If you have time for the lower runs, note that there is a brushy rapid with (exciting!) 1 meter waterfall against a sandstone cliff (Camel Rock) at a sharp right turn about a mile below the Arroyo Center bridge. There are two potentially lethal low-water crossings, one shortly below the Arroyo Center bridge, and another near Miller's Lodge. Shortly past Miller's Lodge there is a good free take-out where the road comes near river level near a rockslide; be sure to choose the left channel after the low-water crossing, or you might miss this spot. Below here, Schwind sez that brush hazards ease after a time, as does the overall gradient. Then about a mile before take-out at the G16 bridge, brush hazards increase again (1974). The canyon is less scenic downstream.

Shuttle Directions

To reach take-out: From the south on US 101 at Greenfield (north of King City) take G16 west 5.7 miles to Arroyo Seco bridge, take-out for lower 9.5 mile Schwind run. From the north on US 101 at Soledad, just after crossing the Salinas River, take G17 southwest 9.3 miles. G16 and G17 intersect on the south bank near Schwind's take-out bridge. Continue west for approximately 7 miles. Where G16 bears right uphill to Carmel, stay left on Arroyo Seco Road.
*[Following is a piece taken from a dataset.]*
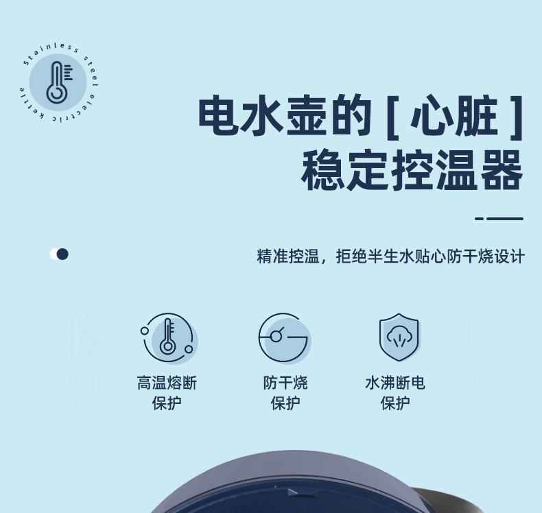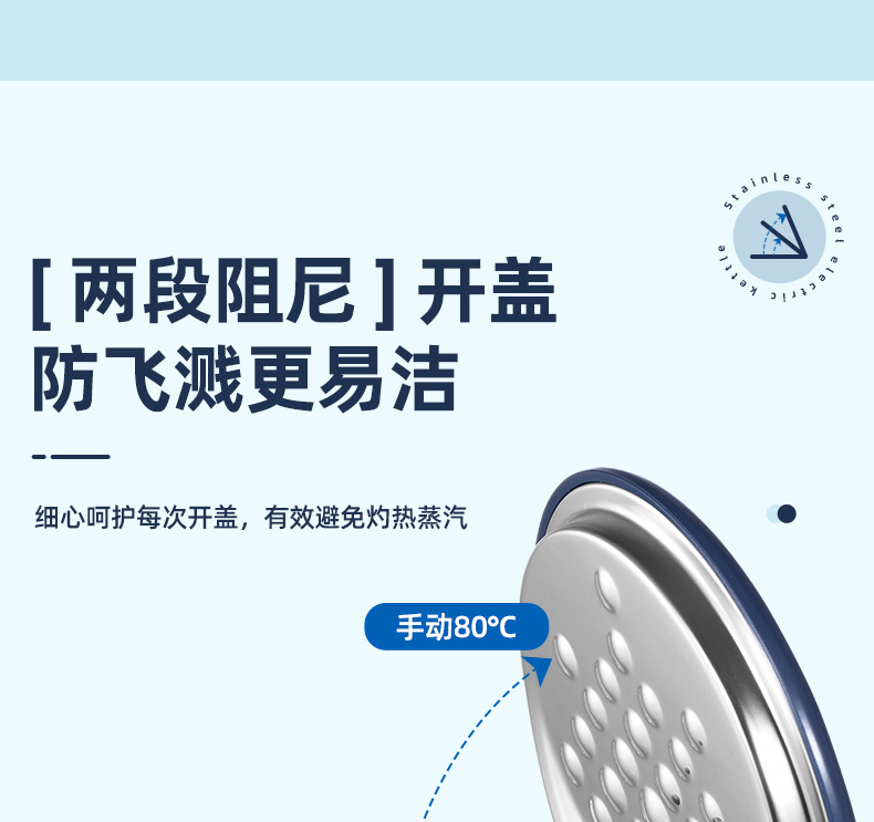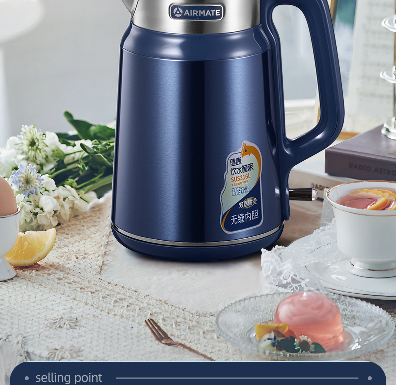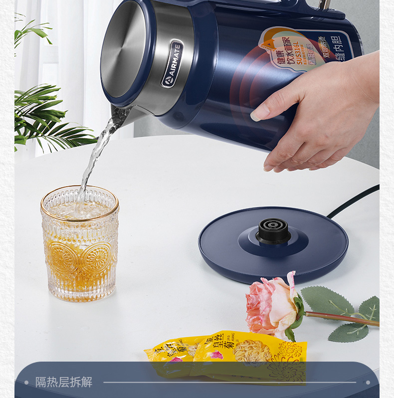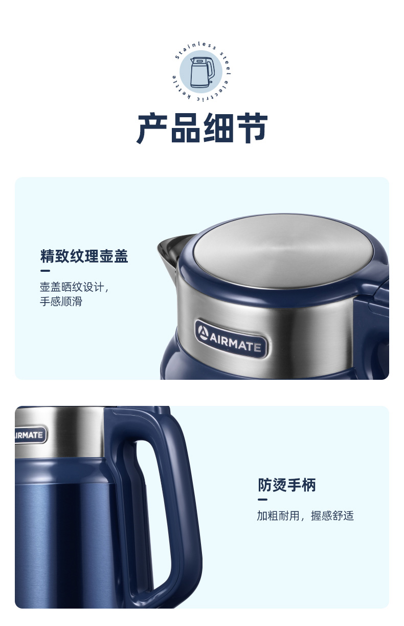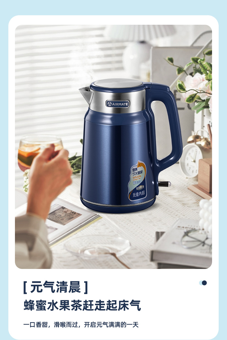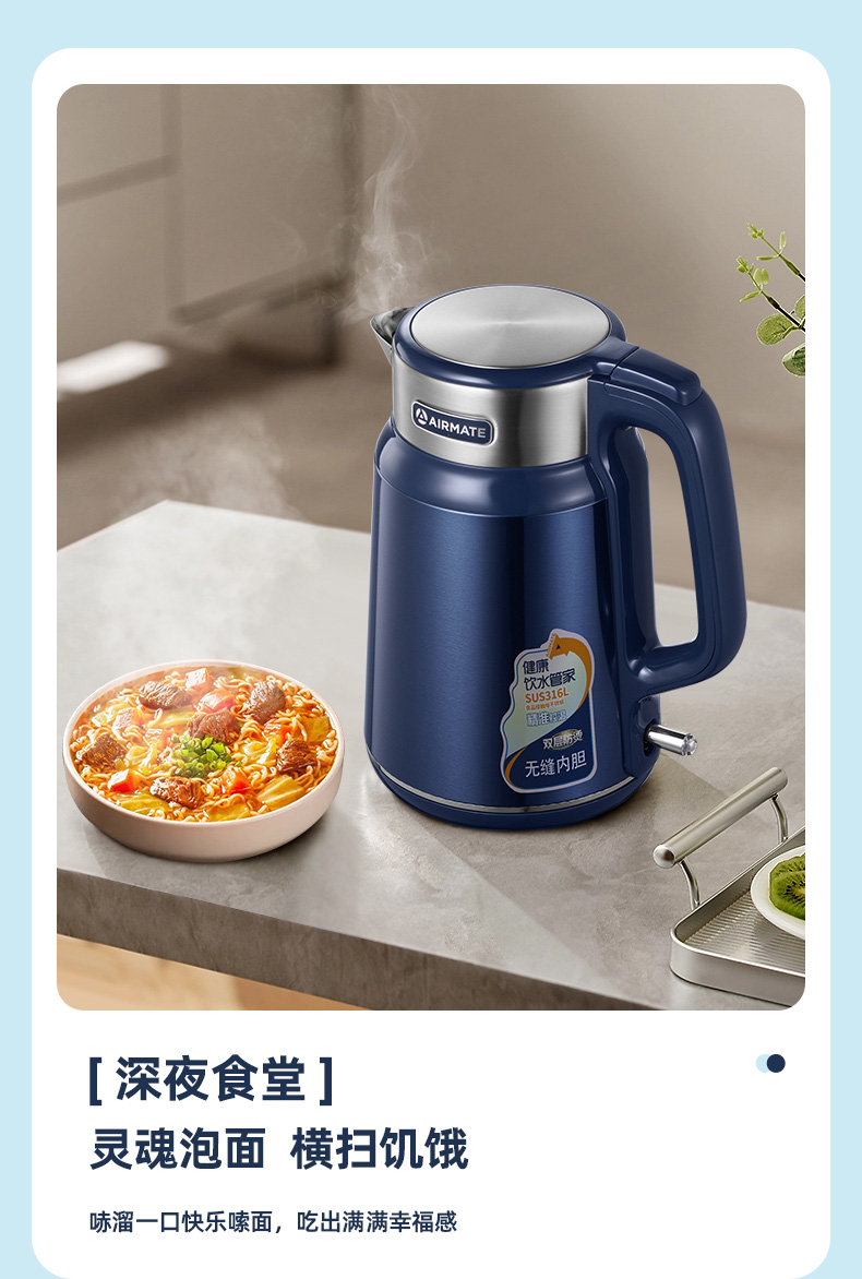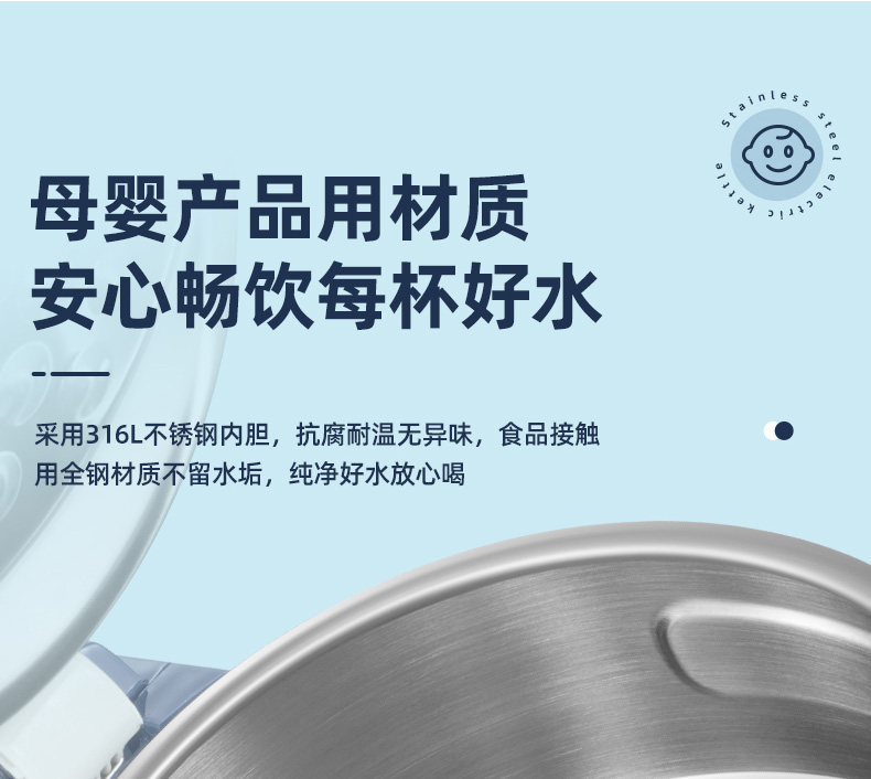 额定容量:2.0L 额定功率:1800W 额定电压:220V- 额定频率:50HZ 净重:1.08Kg 毛重:1.42K9 包装尺寸:230x190x310mm 1.316L 食品级不锈钢内胆,饮水更安心 2.2.0L大容量直供全家需求 3.双层防烫设计隔绝高温 4.无缝内胆清洗更彻 底 5.外塑内钢设计,既防烫又锁温,全家都能安心使用

Miller's Lodge, recommended take-out for the upper 5 mile Schwind run, is a short distance ahead. Continue 4 more miles uphill to the USFS camp and picnic grounds at Arroyo Center. There is a $7 entrance fee (2012).

To reach put-in: Drive your vehicle as far uphill as possible past the west campground, to a locked gate. At the end of the day, walk uphill to retrieve your vehicle. Hot showers are available at the nearby campsite for a small fee.